Interferometer The invention relates to an interferometer, in particular for the measurement of optical surfaces.
A conventional two-beam interferometer is used to measure optical surfaces in that it generates at the output an interference fringe pattern of the optical surface and supplies said pattern, for example, to a video camera for further processing. The light reflected by the optical surface, known also as a test wave field, contains aberrations because of lens errors and surface roughnesses at the surface being measured, said aberrations being imaged by the interference fringe pattern. The local position of the deviations of the interference fringe pattern from an ideal fringe pattern (e. g. parallel fringes) correlates with the local position of the aberration in the test wave field and thus with the deviations of the optical test surface, for example, with respect to an ideally flat surface. Such a displacement of the interference fringe pattern because of aberrations may have a considerably adverse effect on the measuring sensitivity, because the fringe deformation, e.g.
in the pattern maxima and minima, is not able to image the deformation of the test wave field as accurately as in the regions with high intensity gradients. Therefore, it is desirable to be able to displace the interference fringe pattern in a defined manner in order to improve the measuring accuracy. For this purpose, the reference surface or the test specimen itself has hitherto been moved or tilted in order to introduce an additional phase gradient into the interference beams and thus into the interference fringe pattern. In this manner it is also possible to obtain unambiguous information about the aberration of the test wave field, this subsequently allowing the elimination of errors e.g. in a flat test surface.
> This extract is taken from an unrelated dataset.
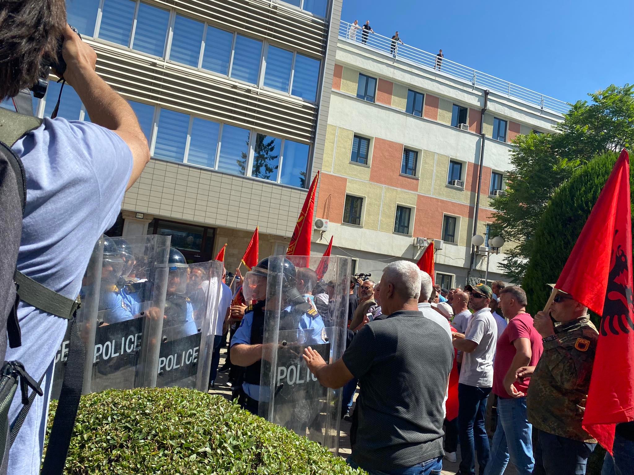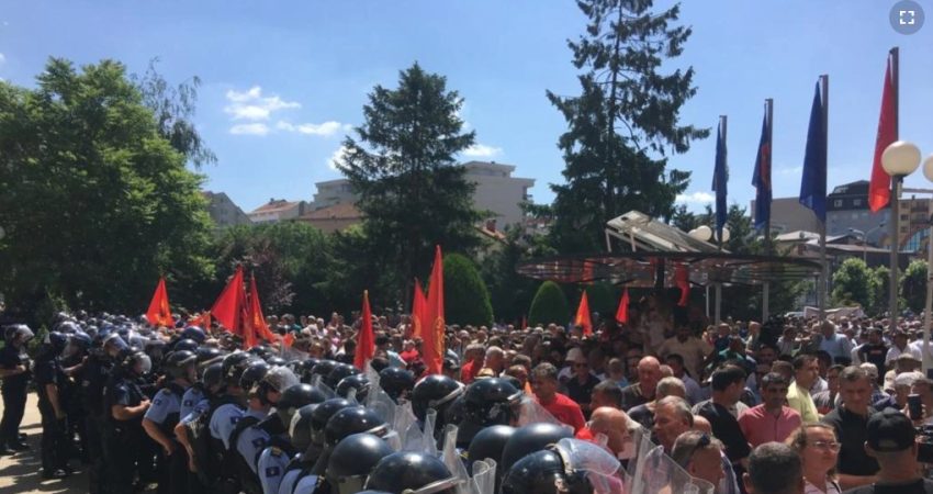 Veteranët e UÇK-së kërkojnë rritje të pensioneve, përplasen me policinë para Kuvendit të Kosovës

However, the movement of large and heavy test specimens or reference surfaces introduces further inaccuracies into the interferometer.
Embodiments of the invention, therefore, create an improved interferometer which does not require a drive mechanism for moving a reference surface or test specimen in order to tune the interferometer and which can be tuned in virtually vibration-free manner, thereby preventing measuring errors.
Accordingly, in one aspect of the present invention, there is provided a tunable interferometer, in particular for the measurement of optical surfaces, comprising: at least one light source, a reference surface and a test specimen and at least one beam splitter, an apparatus for the polarization of the interference beams such that, at the output of the interferometer, they have different polarization states with respect to each other;
and an analyzer, disposed at the output of the interferometer, with a polarization state variable in predetermined manner for tuning the interferometer, the analyzer being physically separate from the interferometer.
In some embodiments, the interferometer is a two-beam interferometer; and linearly polarized light is present at the input of the interferometer; and the polarization apparatus comprises a first ~/4 retardation plate, associated with the reference surface or with the test specimen, and a second ~/4 retardation plate, positioned before the analyzer.
In some embodiments, the analyzer is a rotatable linear analyzer.

2a In some embodiments, the analyzer comprises an electrically tunable liquid crystal element with a linear polarizer.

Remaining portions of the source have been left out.